RandomForestClassifier(bootstrap=True, class_weight=None, criterion='gini',
            max_depth=None, max_features='auto', max_leaf_nodes=None,
            min_impurity_split=1e-07, min_samples_leaf=1,
            min_samples_split=2, min_weight_fraction_leaf=0.0,
            n_estimators=100, n_jobs=2, oob_score=True, random_state=None,
            verbose=0, warm_start=False)

In [80]:
# Need to include sample weights when assessing accuracy now
foulforest.score(X_test, y_test, sample_weight=samp_test.values)
# accuracy of 0.95, pretty good!

0.94951172668324124

In [81]:
# Feature importances, if interestted
colsX = pd.Series(X_test.columns.values)
imps = pd.concat([colsX, pd.Series(foulforest.feature_importances_)], axis=1).reset_index()
imps.columns = ['index', 'feature', 'importance']
imps.sort_values(by='importance', ascending=0)   # Sorted by importance

Unnamed: 0,index,feature,importance
19,19,pz,0.043482
26,26,ay,0.039618
18,18,px,0.038807
21,21,z0,0.038308
20,20,x0,0.038184
31,31,type_conf,0.036789
24,24,vz0,0.036664
17,17,pfx_z,0.035451
34,34,spin_rate,0.035403
22,22,vx0,0.035306


## Random forest classification: foul T/F

The model seems pretty accurate as classifying pitches as fouls or not-fouls!

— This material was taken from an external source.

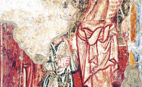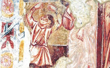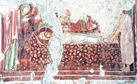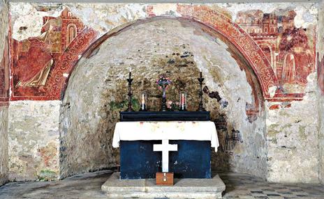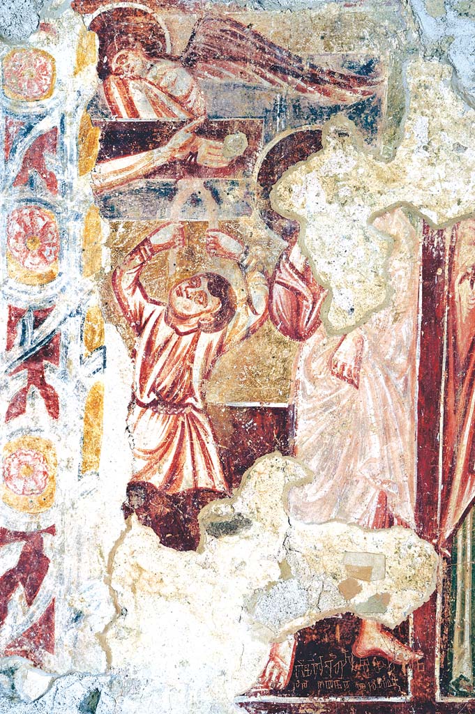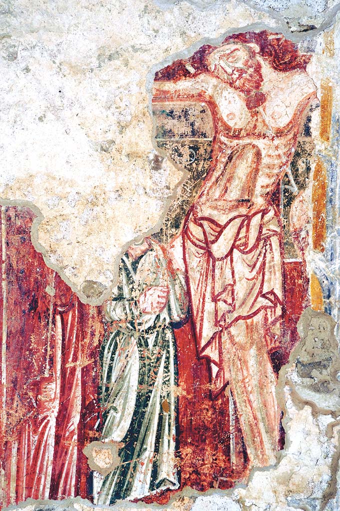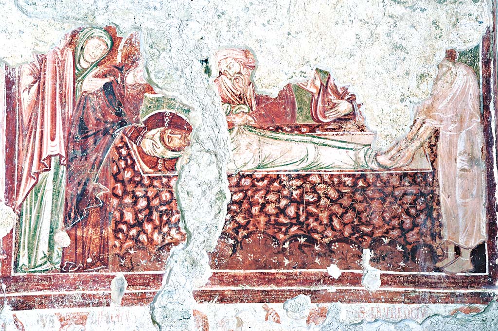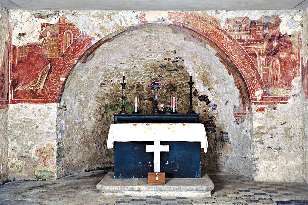 Njena notranjost skriva dragocene freske iz konca 12. ali začetka 13. stoletja. Na slavoloku je prizor Oznanjenja, postavljen pred neko mestno arhitekturo. Angel je v gibanju, z vihravo draperijo, Devica Marija pa sedi na prestolu in prede volno. To je apokrifni motiv iz Jakobovega protoevangelija, priljubljen na krščanskem Vzhodu. Najlepši prizori so Snemanje s križa in Polaganje v grob na severni steni. Na njih je opaziti mojstrstvo slikarja. Da se vam v spomin vtisne posebnost tega slikarstva, ostanite trenutek dlje pred figuro sv. Arimateja in njegovimi plemenitimi starčevskimi potezami ter draperijo skrajno leve figure. Občutek plastičnosti je dosežen z dosledno izmenjavo svetlih in temnih potez barve, s katerimi so oblikovane gube na oblačilih figur. Skrajni robovi oblačil so poudarjeni s svetlimi konturami, lumeggiaturami, detajli arhitekture pa z belo barvo. Do sedaj je bila izpostavljena bizantinskost kot dominantna komponenta tega slikarstva. Novejše raziskave pa so to slikarstvo umestile kot vezni člen med beneško – oglejskim in avstrijsko – salzburškim slikarskim krogom. Še vedno odmevajo Fučićeve misli, da izjemna kvaliteta te poslikave prekaša možnosti okolja in lokalnih naročnikov, zato je naročnik verjetno bila Oglejska patriarhija, največji fevdalni mogočnik tedanje Istre.

However, the feature importance is not terribly informative. Location seems to matter to a small degree (px/pz).

I'm not clear how the 'ay' feature (acceleration from the pitcher's mound to home plate) substantively differs from velocity (vy0), but apparently it is much more important feature.

It may help to delve either how each individual feature affects these pitch outcomes. Coming soon!